In our initial exchanges, I was surprised to learn of MaryEve’s unique connection to China. In the late 70s, she and her students became pen pals with a group of students in Wuhan, China. She visited them in 1982, a time when few foreigners travelled there. I was enthralled by her stories. As I learned more about MaryEve, I discovered more commonalities, despite our age difference. The bond between us was building.
MaryEve later told me that the most memorable aspect of the course “was the fact that you and I discovered many things that we had in common.”
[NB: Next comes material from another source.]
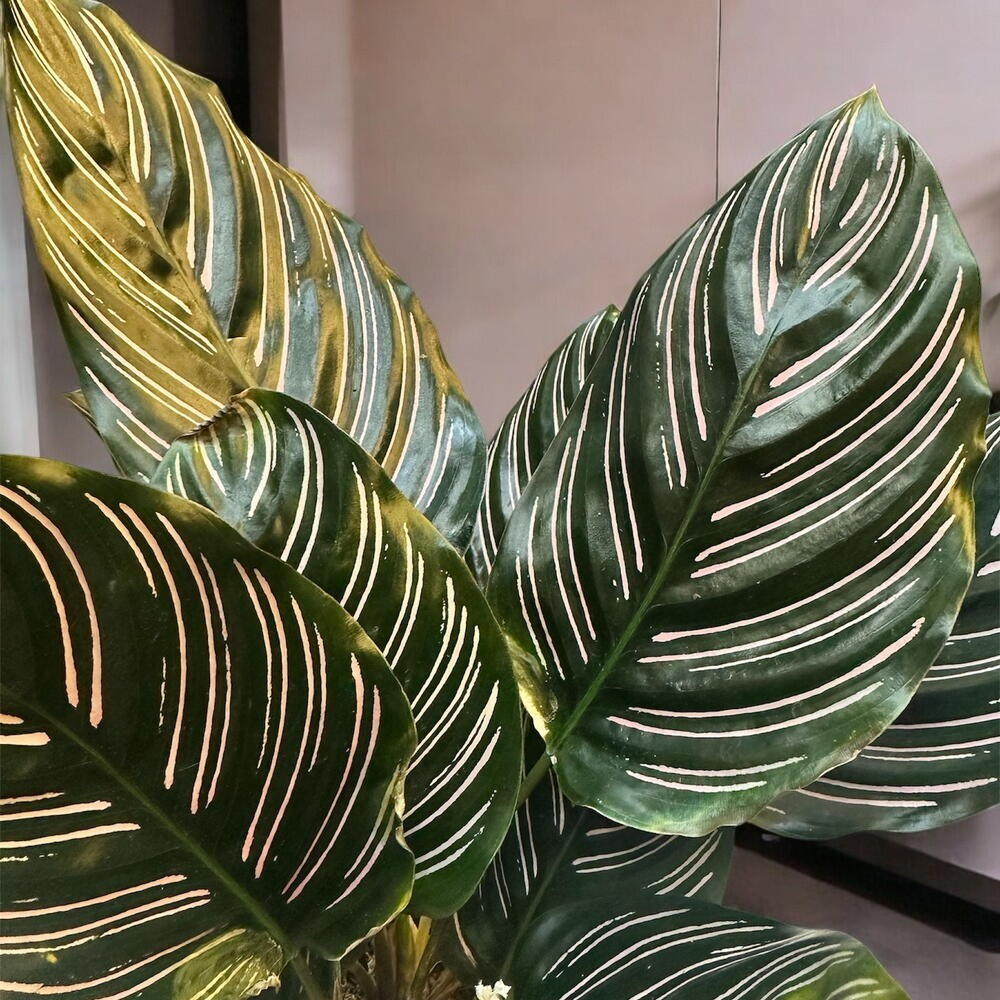 Калатея Зебрина — экзотическое растение, которое выделяется своими вытянутыми листьями глубокого зелёного цвета с серебристыми полосами, похожими на полосы зебры. Её элегантный и тропический вид делает её идеальным декоративным элементом для любого интерьера. Она прекрасно подходит для помещений со рассеянным светом и умеренной влажностью, придавая свежесть и неповторимый природный акцент. Кроме того, её способность очищать воздух делает её ещё более особенной.

Our discussions often revolved around education, based on MaryEve’s experiences as a dedicated teacher. In my project, I decided to connect education, urban studies, and MaryEve’s life experiences. One day I felt especially stuck on an assignment asking us to create a map for the project. How could I creatively map schools and neighbourhoods? As MaryEve and I talked, a light bulb went on. I set to work, creating a layered series of maps on tracing paper that showed school ratings and socio-economic indicators in two Columbus neighbourhoods.
MaryEve had inspired me. And though I was barely seeing anyone due to lockdowns, I was never alone because MaryEve was my partner.
Weeks later, I presented “Educating Students, Benefitting Communities: A Tale of Two Neighbourhoods” on Zoom with MaryEve in attendance. It was a moment of pride, and it allowed her to “look at my city through your lens.”
As the semester ended, we knew our friendship would continue. We have stayed connected, kept each other updated on our vaccination progress, reflected on anti-Asian discrimination, and shared new dimensions of ourselves. Whatever we talk about, optimism is always present.
“I feel that we have become stronger, more resourceful, and more optimistic just knowing that we MADE IT [through] a whole year,” MaryEve wrote me. I, on the other hand, have reimagined my abilities and grown as a person through a course that, as Aditi aptly reflects, “demonstrated the multidimensional value of intergenerational partnerships for student and elder wellbeing, intergenerational allyship, and mutually beneficial knowledge production.”
MaryEve agrees. “Each generation exists in an evolving environment,” she says, “the fact that we were able to have this experience during a pandemic added depth and a different dimension. A valuable historical document, to be sure.”